Fig. 4F shows a detailed labor portion 460 displayed by display interface 206 when the labor mode is selected. As shown in fig. 4F, the detailed labor portion 460 may display a set of excerpt tabs 470 for each cancer type, where each excerpt tab represents a separate excerpt assigned to extract documents from various external sources into the patient data record 110 (such as a cancer registry) for a particular cancer type. Each excerpt tab is selectable. When selected, a detailed view of the progress metrics of the excerpt may be displayed in a detailed labor portion 460, as shown in FIG. 4G. As shown in FIG. 4G, the progress metrics for each excerpt may include, for example, the number of pending cases, the predicted time to completion, and the like. The detailed labor portion 460 may also display a progress metric for each pending case assigned to the excerpt. The displayed progress metrics for each pending case may include, for example, the percentage of fields populated by the AI-assisted clinical extraction tool 302, the confidence level of the output of the AI-assisted clinical extraction tool 302 for that case, the predicted time to completion (if manual extraction is performed), and so forth.

Automated data analysis based on structured patient data records

The data contained in the patient data record 110 may be acquired by the data analysis module 204 to perform various automated analyses on the data. For example, as described above, the cancer data analysis module 220 may generate, for example, a cancer summary report 132, describe cohort characteristics 134, and the like. Further, the care quality metric analysis module 222 may generate, for example, clinical care delivery results 142, care quality metrics 144, and the like. All of these reports may also be displayed in the analysis dashboard provided by display interface 206. The analysis may be performed based on all or a subset of the patient data records 110 in the database 120.

Fig. 5, 6A, and 6B illustrate examples of an analysis dashboard provided by display interface 206, according to embodiments of the present disclosure. As shown in fig. 5, the display interface 206 may provide a care quality analysis dashboard 500 that displays performance measurements of caregivers based on certain care quality metrics over a time period configured by a time period selection box 501. For example, the care quality analysis dashboard 500 includes a care quality metrics section 502 that describes a set of care quality metrics (e.g., BL2RNL monitoring). The care quality analysis dashboard 500 also includes a performance ratio portion 504 that shows, for each care quality metric listed in the care quality metrics portion 502, the percentage of new patients that are treated to meet the care quality metric and whether the percentage meets, exceeds, or fails to meet a predefined threshold. The percentages may be classified into different time periods to provide a proportional distribution that is stratified over time. This distribution allows an observer (e.g., a caregiver manager) to identify time periods in which the proportions have significantly changed, and the observer can investigate the caregiver's operations during the time periods to identify potential causes of these changes.
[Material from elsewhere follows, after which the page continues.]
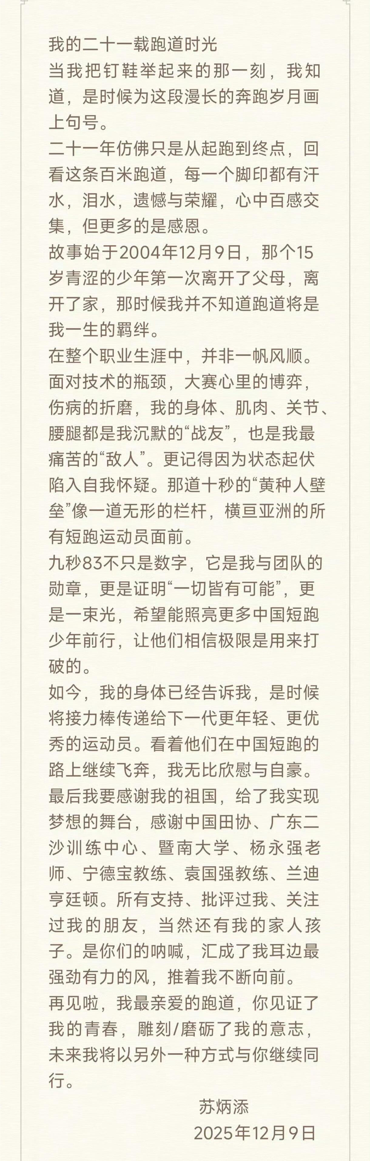 再见苏神!36岁苏炳添自宣退役,传奇永不落幕!苏炳添退役苏炳添正式宣布退役苏炳添传奇永不落幕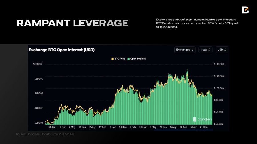 T-bill 占比上升的另一个直接后果是:流动性规模的变动不再稳定。过度依赖短期 T-bill 意味着更频繁的展期和更短的平均流动性“寿命”。在整体杠杆已突破历史峰值的当下,频繁且剧烈的流动性波动削弱了市场的抗冲击能力 — — 为潜在的连锁清算埋下了伏笔。

Further, as shown in fig. 6A, the display interface 206 can provide a cancer analysis dashboard 600 that displays annual treatment reports for breast cancer based on data in the patient data records 110. Based on the time period selected from the time period selection box 601, the patient information 112 (e.g., age), and the tumor information 114 (e.g., stage and subtype), the cancer data analysis module 220 may generate and display a profile 604 based on age, stage, and cancer subtype. Further, based on the treatment history 116, the cancer data analysis module 220 can generate a profile 604 that shows the use of different treatments. The dashboard 600 also includes a configuration window 606 that allows a user to classify (e.g., age, cancer stage, cancer subtype, etc.) the patients represented in the

profiles

602 and 604. As another example, as shown in fig. 6B, the dashboard 600 may also display a graph 610 showing the data element concentration trend and dispersion between tumor size and different treatment types, which the cancer data analysis module 220 may estimate based on the tumor information 114 and the treatment history 116. The correlation map may be displayed for a single patient (as shown in fig. 6B) or for a group of patients.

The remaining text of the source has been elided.